Pathophysiologic manifestations of burn injury

graphic file with name IJCIIS-2-128-g002.jpg

In addition to the development of SIRS, a hypermetabolic state ensues as well. The inflammatory mediators and loss of protein result in a significant increase in energy expenditure and a catabolic state,[10] while the level of anabolic hormones is markedly decreased[11] causing an imbalance of energy use and availability. This contributes to a loss of muscle protein, bone mineral density, and overall bone mineral content.[1] In addition, thermoregulatory responses are impaired, with resetting of the patient's core temperature in proportion to the total burn area.[12] Burned skin is unable to retain heat and water, with the potential consequence of massive evaporative fluid losses and metabolic responses much more severe than thought previously.[13]

From a respiratory standpoint, burn injury results in a complicated picture, with initial management focused on securing a potentially edematous airway, and further management involving management of the consequences of inhalational injury, poisoning with carbon monoxide and cyanide, and the management of the potential development of the acute respiratory distress syndrome (ARDS). It has been demonstrated that both larger burn size and younger age are independent predictors for the need for intubation,[14] and that morbidity and mortality are high in burn patients with respiratory problems or inhalational injury.[15]

Gastrointestinal system dysfunction with bacterial translocation across the gut is a common complication of major burn injury and an independent cause of septic shock in the post-burn patient.[16] Bleeding from acute ulceration of the gastric mucosa may contribute to hypotension, anemia, and possible perforation, peritonitis, and septic shock.[17] Finally, the acute decrease in gastric emptying may put the burn patient at risk for aspiration during periods of sedation, airway instrumentation, or changes in mental status.[18]

Renal and hepatic dysfunction is primarily a result of decreased perfusion secondary to multifactorial causes of hypotension including significant evaporative fluid loss, protein loss, and decreased effective circulating volume, SIRS, and the development of septic shock in the setting of decreased barrier function.[19] Increased levels of catecholamines and inflammatory mediators result in vasoconstriction of the renal vasculature, which can be further aggravated by myoglobinuria, especially in children with electric burns. A secondary effect of hepatic and renal dysfunction is altered metabolism and elimination of several drugs used routinely in the care of the burn patient.
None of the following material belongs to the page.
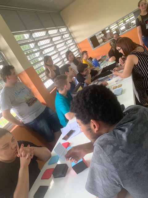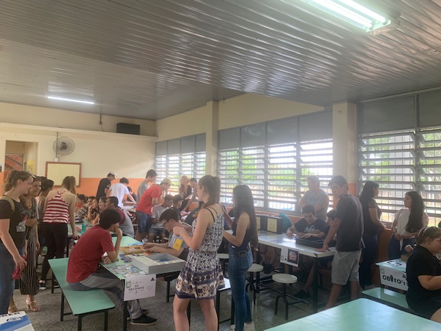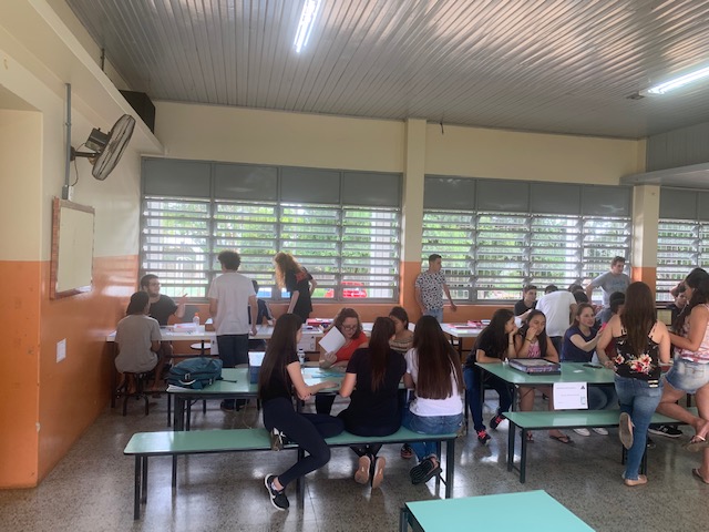 O projeto iniciou em maio desse ano, envolvendo três turmas de primeiro ano da escola IEE Vicente Dutra, turno da tarde e com os estudantes da disciplina de Fundamentos da Informática aqui do IFF - CTI.

The propensity to develop infectious complications in burn children is secondary to disruption of barrier function of skin and gut mucosa, coupled with the immunosuppressive effects of burn injury. In addition to the wound as an obvious source of infection, other sites which demand vigilance and consideration in the burn patient include bacterial translocation from the gut, intravenous catheter-related bloodstream infection, urinary catheters, and ventilator-associated pneumonia.[20] Fever, tachycardia, and leukocytosis (three classic SIRS symptoms) are almost universal in burn patients and do not necessarily indicate sepsis.

Pharmacologic changes and altered binding and clearance of drugs occur almost immediately after burn injury, altering the pharmacodynamic and pharmacokinetic properties of many drugs. In the initial state of hypotension and organ injury, renal clearance is impaired, while later hyperdynamic and hypermetabolic states (>48 h after burn injury) lead to increased clearance.
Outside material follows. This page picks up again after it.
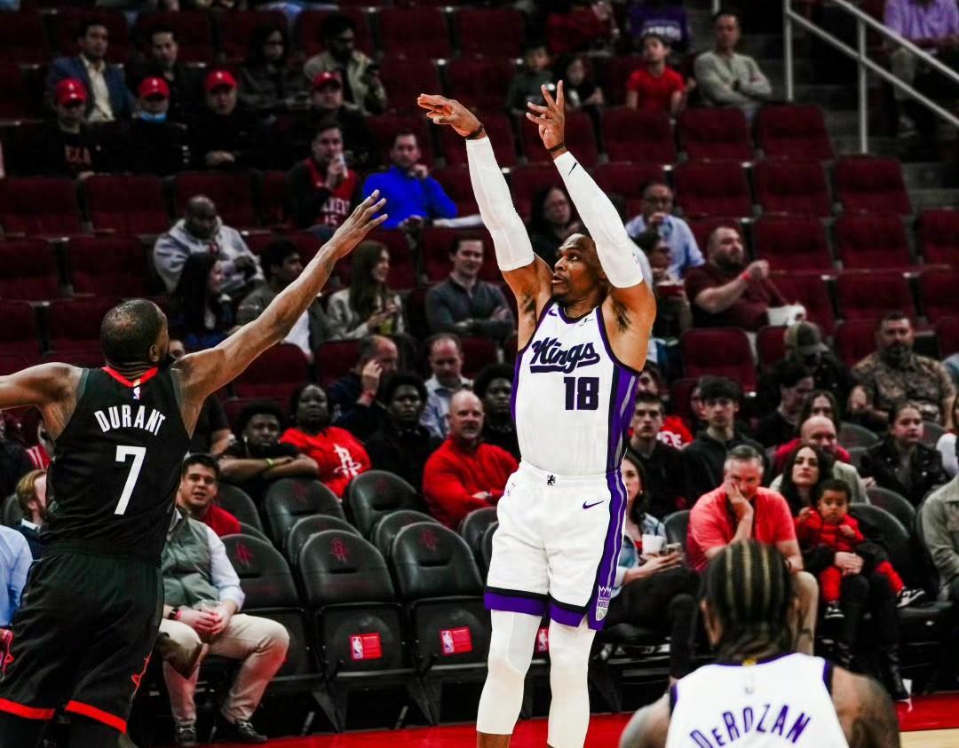 国王本场比赛其实发挥得并不差。威少一上来就火力全开,面对大哥杜兰特真有加成。首节11投8中狂砍17分,包括一个2+1,气势汹汹要咬碎火箭。但谢泼德很快站了出来,用精准的外线回应国王的攻势。之后火箭迅速祭出申京与谢泼德的挡拆配合,重现了经典的“15号位”起手式,首节结束时火箭已经以33比22领先11分。第二节,谢泼德的手感彻底爆发,三分线外接连命中,火箭一度将分差拉大到27分。下半场国王试图反扑,最多追到只差18分,但谢泼德和杜兰特立刻联手打出高潮回应,分差重回30分,比赛早早进入垃圾时间。谢泼德全场21投9中,砍下28分3篮板2助攻,其中三分球15投7中,刷新了个人单场三分纪录。

Decreased levels of serum albumin, occurring almost immediately, leads to increased free fraction of acidic drugs, while increased levels of a acid glycoprotein results in decreased free fraction of basic drugs.[21] A systemic upregulation of acetylcholine receptors and their proliferation to extra-junctional locations has been noted over time during the acute course of burn illness,[22] making succinylcholine administration to patients >24 h after burn injury an unsafe practice, potentially leading to life-threatening hyperkalemia and cardiac arrest. From a pain management standpoint, the elimination of morphine is unchanged after burn injury.[23]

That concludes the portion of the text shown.